After Egyptian President Gamal Abdel Nasser’s sudden death from what was believed to be a heart attack in 1970, there were reports that he may have been poisoned. An aide to Nasser, who was close to Vice President Anwar Sadat, reportedly hid from forensic examiners nail clippings and hair samples taken from the body of Nasser for later testing. Upon becoming Egyptian president, Sadat reversed many of Nasser’s policies, including ejecting Soviet military advisers, opening relations with Israel, and steering Egypt into the Western camp.

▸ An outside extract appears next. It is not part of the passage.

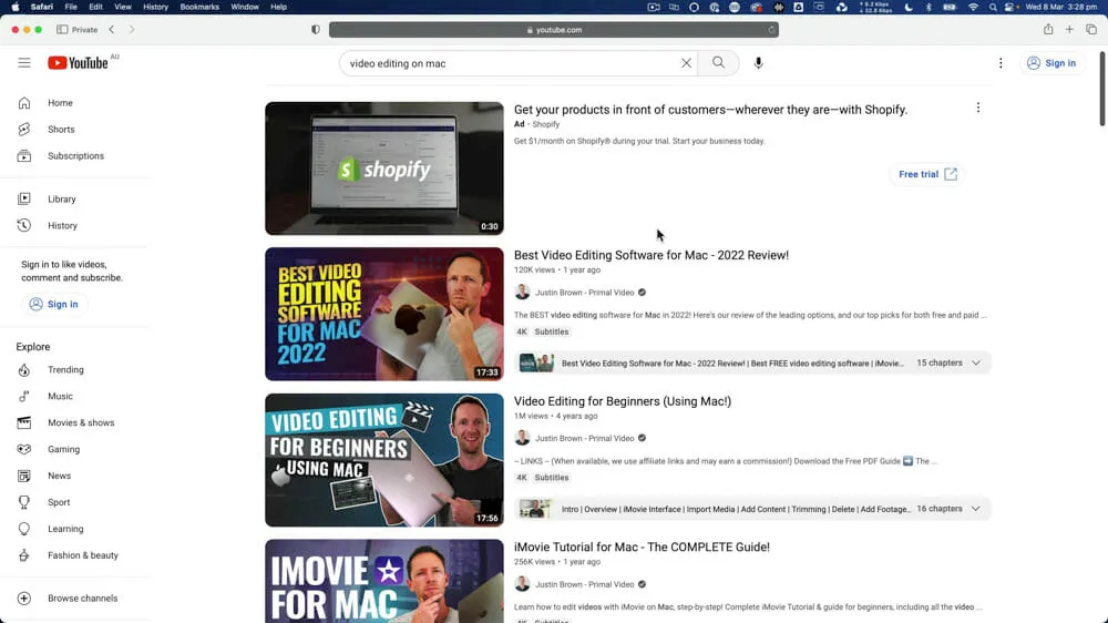 When searching for ‘video editing on mac’ our YouTube videos take out the first, second, third AND fifth spots.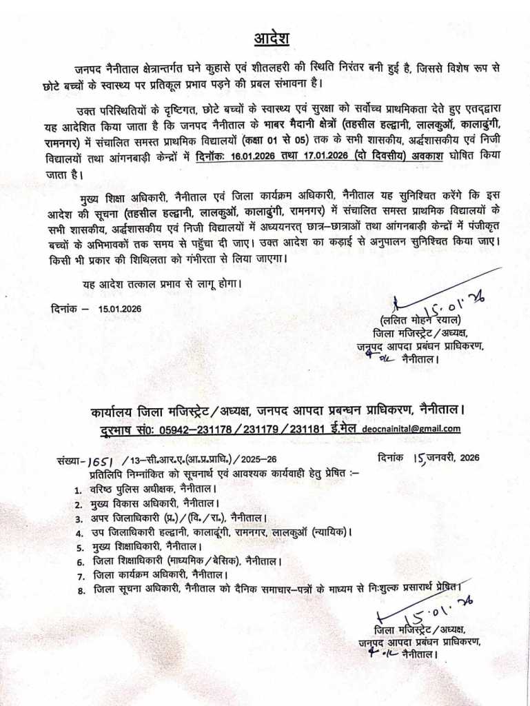 प्रशासन द्वारा जारी आदेश के अनुसार जनपद नैनीताल के भाबर मैदानी क्षेत्रों में आने वाली तहसील हल्द्वानी, लालकुआं, कालाढुंगी और रामनगर में संचालित सभी शासकीय, अर्द्धशासकीय एवं निजी प्राथमिक विद्यालयों (कक्षा 1 से 5 तक) के साथ-साथ समस्त आंगनबाड़ी केंद्र 16 जनवरी 2026 और 17 जनवरी 2026 को बंद रहेंगे।

In 1961, the CIA station in Leopoldville, Congo tried to poison nationalist Prime Minister Patrice Lumumba. Eventually, Lumumba was killed by a Belgian mercenary firing squad in the employment of the CIA. There were also many attempts by the CIA to poison Cuban President Fidel Castro. In 1976, the former leftist president of Brazil, Joao Goulart, died from a sudden heart attack in exile in Uruguay. A former Uruguayan intelligence agent later revealed that Goulart’s heart medication pills were altered in order to have a “contrary effect.” The Goulart family’s cook in Uruguay was later discovered to be a Brazilian intelligence agent with links to the CIA. Goulart was ousted in a 1964 CIA-led coup.
After cases of cancer began to affect several Latin American progressive leaders, Venezuelan President Hugo Chavez, himself battling cancer, suggested the CIA had dusted off its old medical assassination program. The day following Argentine President Cristina Fernandez de Kirchner’s announcement that she was being treated for thyroid cancer, Chavez stated, “Would it be so strange that they’ve [the Americans] invented the technology to spread cancer and we won’t know about it for 50 years?” Cancer also plagued Paraguay’s President Fernando Lugo (later ousted in a CIA-backed coup), former Brazilian President Luiz Inácio Lula da Silva, and Brazilian incumbent President Dilma Rousseff.To Bolivian President Evo Morales and Ecuadorian leader Rafael Correa, Chavez had a dire warning, “Evo, take care of yourself. Correa, be careful. We just don’t know.” After the revelations about the deaths of Arafat and Ozal, Chavez has every right to be concerned.